Research by L&G showed that 37% of advisers have a presence online, but do not regularly update their offering, while 60% have no online strategy at all.

However, 71% of respondents know that their customers use social media.

Speaking at The Mortgage Event in London, Ben Thompson, director of mortgages at L&G, said it was critical for advisers to understand and anticipate how communication will change over the next ten years in order to maximise opportunity.

He highlighted that the ways of engaging with customers varies hugely between age bands, with generation Y (8- to 28-year-olds) expecting to be communicated with through Twitter, video chat, instant messaging and text messages.

Nevertheless, face-to-face meetings still remain very important for all age groups as a way of building trust, with regular contact an essential part of keeping clients and getting referrals.

L&G’s research showed that for clients that an adviser has been in regular contact with every quarter, 70% will agree to a meeting compared to 6% of cold contacts.
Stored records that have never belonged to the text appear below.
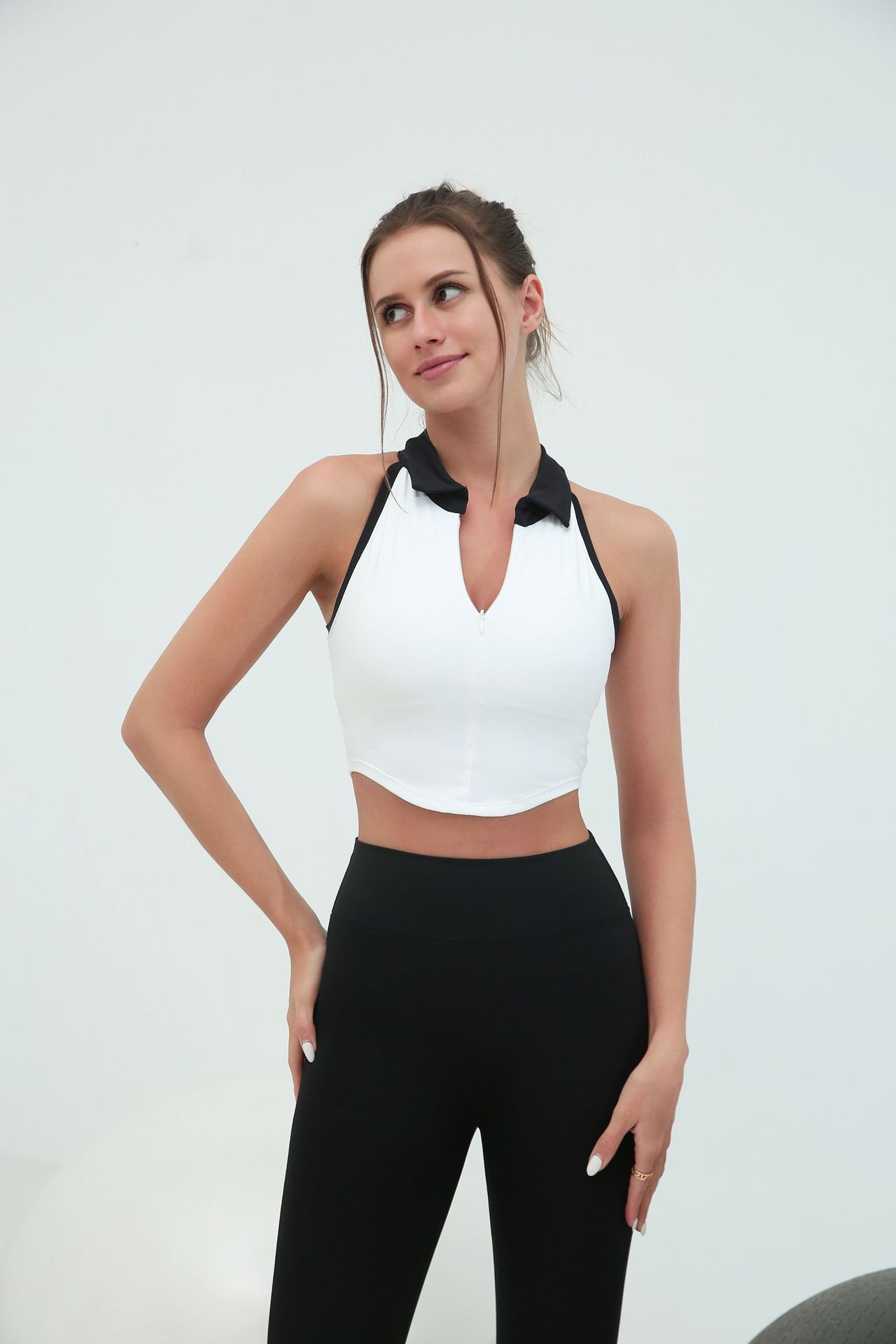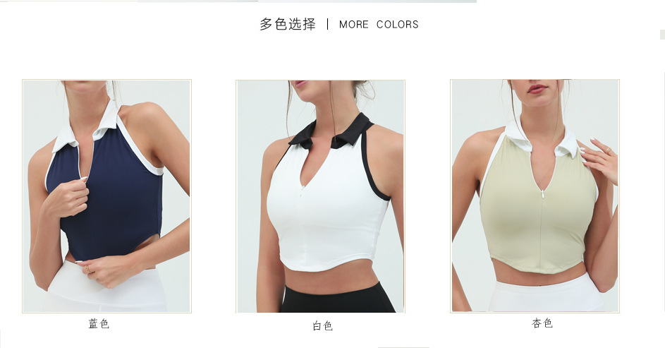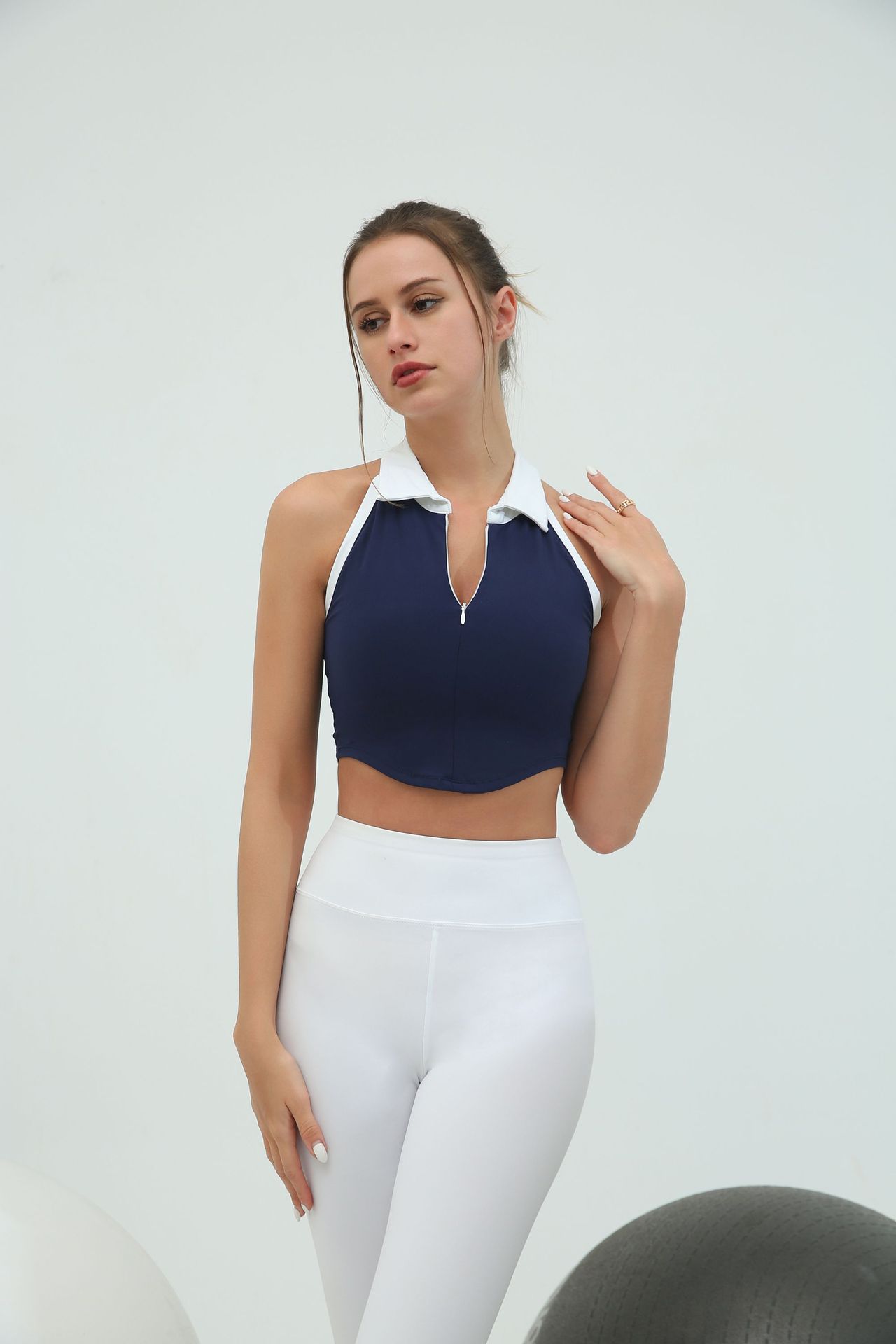 外贸翻领撞色高弹速干运动健身背心女 含胸垫瑜伽训练不规则上衣
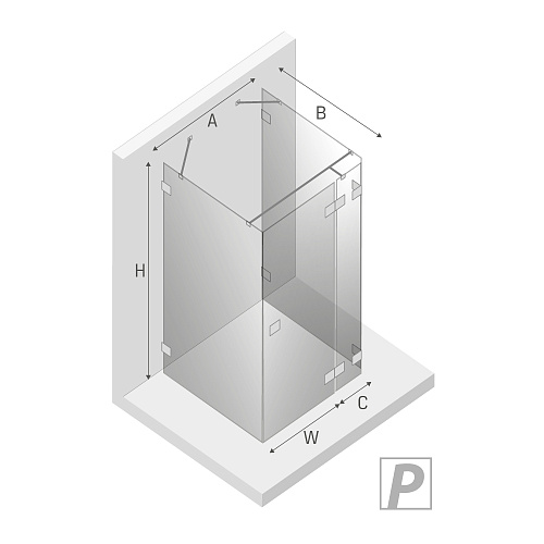 - безопасное закаленное стекло 6 мм; - защитное покрытие Active Shield; - водоотводящий желобок по нижнему краю двери; - крючок для полотенца в подарок. Технические размеры: Ширина (A): 90,8 см; Глубина (B): 88,4-89,4 см; Ширина входа (W): 53 см;
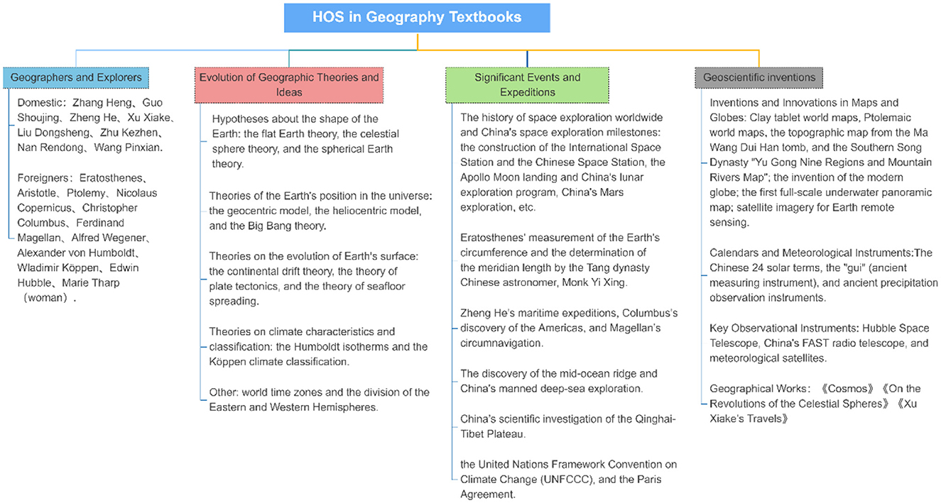 Within the Chinese educational context, the geography curriculum functions as the principal carrier of earth science education. It is an integrated course that synthesizes diverse natural science topics, including geology, meteorology, and environmental science, while simultaneously emphasizing the human-environment relationship and spatial systems thinking, thereby offering a unique vantage point for cultivating SL (Duan and Ding, 2025; Xuan et al., 2019). This distinctive role can be attributed to both the long-standing history and the disciplinary inclusiveness of geography in China. Historically, Chinese geography evolved from early descriptive accounts of geographical knowledge, through the modern era's analytical exploration of spatial laws, toward the contemporary capacity for simulating and predicting complex human–environment systems, a trajectory that closely parallels the development of earth system science. The inclusion of HOS in geography is particularly salient because it represents an “evolutionary atlas of geospatial cognition” that comprises the historical methods of discovering, understanding, and evaluating geographic phenomena (Martin, 2008). This approach helps students comprehend spatial differences on the Earth's surface and explore the methodologies used to explain them. However, a debate persists in China's curriculum reform regarding the disciplinary positioning of “earth science” vs. “geography,” with some scholars questioning the efficacy of the current system to adequately cultivate SL (Hu, 2024). It is hypothesized that the inadequate integration of HOS may be a contributing factor to this perceived deficiency. Nevertheless, this proposition lacks empirical validation, highlighting a critical need for research that investigates the status of HOS within China's secondary school geography textbooks.

Thompson said: “Advisers main selling point is themselves. People buy people and, if anything, that has increased in the last few years. So, don’t sell the business, sell the opportunities; be a source of relevant information and, simply, do what you say you’re going to do.

“Most importantly, ask clients how likely it is they would recommend you to others? If you get an endorsement that can spread very quickly, especially online. The opportunity is significantly bigger now.”